Tuesday, September 02, 2008

Splish splash.

I am presently sitting in my bathtub. The tub is not full of water, though, because it's not a comfortable enough tub to warrant a bath anyways, and it's also 6:30 in the morning. The water would also not be recommended thanks to my obvious desire to blog from a bathtub. So, the question might linger, assuming for a moment that I have living, breathing readers, why?

In truth, I don't have a great reason. Perhaps a rundown of my last twenty-four hours, even if it fails to illuminate why I'm sitting fully clothed in a bone dry bathtub when I should be asleep, will put you in a state of mind in which you can better understand. Or not.

I lied when I offered (or rather proposed) to tell my last twenty-four hours. Well, I didn't exactly lie, but I didn't wake up till two in the afternoon yesterday, so the first chunk of that time is me sleeping in my dirty, oversized bed in my dirty, disorganized room. The recent streak of hot days has reminded me why I cherish the bay air the way I do; I can't help but cure under my breath when I wake up to find I'm already coated in sweat. My room traps heat, and sometimes my roommate who sleeps against the window will not open/close it in the appropriate situation. This particular day the temperature wasn't awful, though.

I awoke to a phone call from a friend who wanted to hang out. This plan, as it turns out, went off without a hitch. Sitting on a couch and watching a friend play a video game while you skim through any and every news article that you can find that day is a good time killer, and it doesn't take a terrible lot of planning. Just one part sloth and one part curiosity. I began eying the clock at around four, and pulled out my phone to place a call. I found that I had a few missed calls, as I forgot to switch the ringer on after the preceding night's rehearsals. I dialed up notorious friend of the blog Carla Zilbersmith to confirm plans we'd made the week before. At 7:00 PM, I left my home to head to Albany and meet her.

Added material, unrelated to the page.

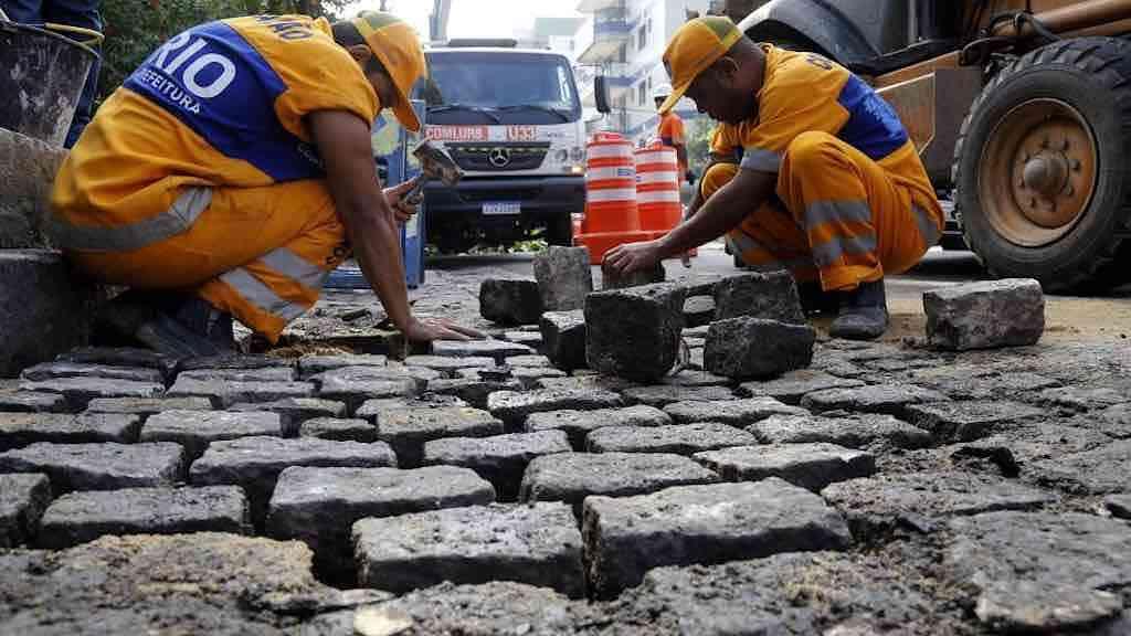 Funcionários da Prefeitura fazem conservação de calçada no Pechincha: Cuidar da Cidade

I had decided to cross the Richmond Bridge at the precise moment the sun would reflect directly off my side mirror into my eyes. It wasn't dangerous exactly, but I suddenly felt exhausted when the bright glare vanished, almost as if I'd been on a limited stipend of energy, and the extra effort in keeping vision on the road had sapped me. I ended up parking my car an absurd distance from Carla's apartment, mainly because I circled the whole street and block once and couldn't find a better spot, despite the fact that there were plenty of spots when I walked down towards her apartment. I had clearly somehow proven an incompetent parker. I felt reflexively regretful about this when I met up with Carla and her son, Mac- despite the fact that Carla has a motorized wheelchair, there's a certain melancholy in knowing your inefficient parking has inconvenienced somebody for whom transportation in general is clearly more difficult than anybody would hope.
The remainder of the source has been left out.